1.
baktım ki herkes dertli başlıklar altına şarkılar yazmış. ben de neden dert başlığı-m olmasın ki dedim. hayatta görüp görebileceğiniz en bahtsız, şanssız insanım. witcher oyununda bahtsız piyade kartı var ya, onun gibi. nasıl olsa kafa sözlük hesabımı bilen yok. anlatayım her şeyi dedim ama bir yandan da, anlatsam ne değişecek? dedim. sildim yazdıklarımı. neyse işte, bıktım, usandım, bunaldım. ölmek cazip geliyor, sonra diyorum, ya sonrası? karanlık bir boşluk mu yoksa yeniden doğuş mu?
devamını gör...
2.
kısa bir özet, bir deli gibi kendi kendime söyleyeyim.
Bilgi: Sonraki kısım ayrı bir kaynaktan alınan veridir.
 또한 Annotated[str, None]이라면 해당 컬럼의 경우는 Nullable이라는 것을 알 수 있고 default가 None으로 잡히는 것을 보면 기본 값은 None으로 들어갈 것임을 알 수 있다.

güzel bir hayatım vardı beş sene öncesine kadar. fetö olaylarında önce babam polislikten atıldı, sonra abim askerlikten atıldı, 15 ay ceza evinde yattı. babam işsiz kalınca üzerimize bir anda yüklü bir borç olduğunu öğrendik. annemle babam ayrılma noktasına geldi. o ara ben 11. sınıftım. abim ceza evine girene kadar en büyük dert babamın işsiz kalmasıydı ama abim tutuklanınca dedik ki, keşke işsiz kalsa ama dışarıda olsa. 15 ay sonunda ilk mahkeme ile çıktı çok şükür. ama işsizdi. evimiz yoktu, bir tanıdığımızın evinde kaldık 1 sene. o süreçte 12. sınıfa geçtim. bu arada evimizi boşaltıp, her şeyi kutulayıp babannemin tavan arasına yerleştirdik. sınava hazırlandım. meslek lisesiydim. üç gün staja gidiyordum diyanete. mobbinge uğradım bol bol. iki gün okula gidiyordum. okuldan arta kalan vakitlerde çalışıp, hafta sonları sınav için kursa gidiyordum. birkaç kere uykusuzluktan bayıldığımı hatırlıyorum. çok kez otobüste uyurken sağa sola devrildim mesela. çok stresliydim. 15 ay boyunca abimi ceza evine ziyarete gitmeye çalıştık. ilk kaldığı ceza evi çok kötüydü. şartlar, gardiyanlar. bize olan tavırlar, hepsi. adam öldürmüş insanların ailelerine melek gibi olan insanlar bize gelince kaba insanlara dönüşüyordu.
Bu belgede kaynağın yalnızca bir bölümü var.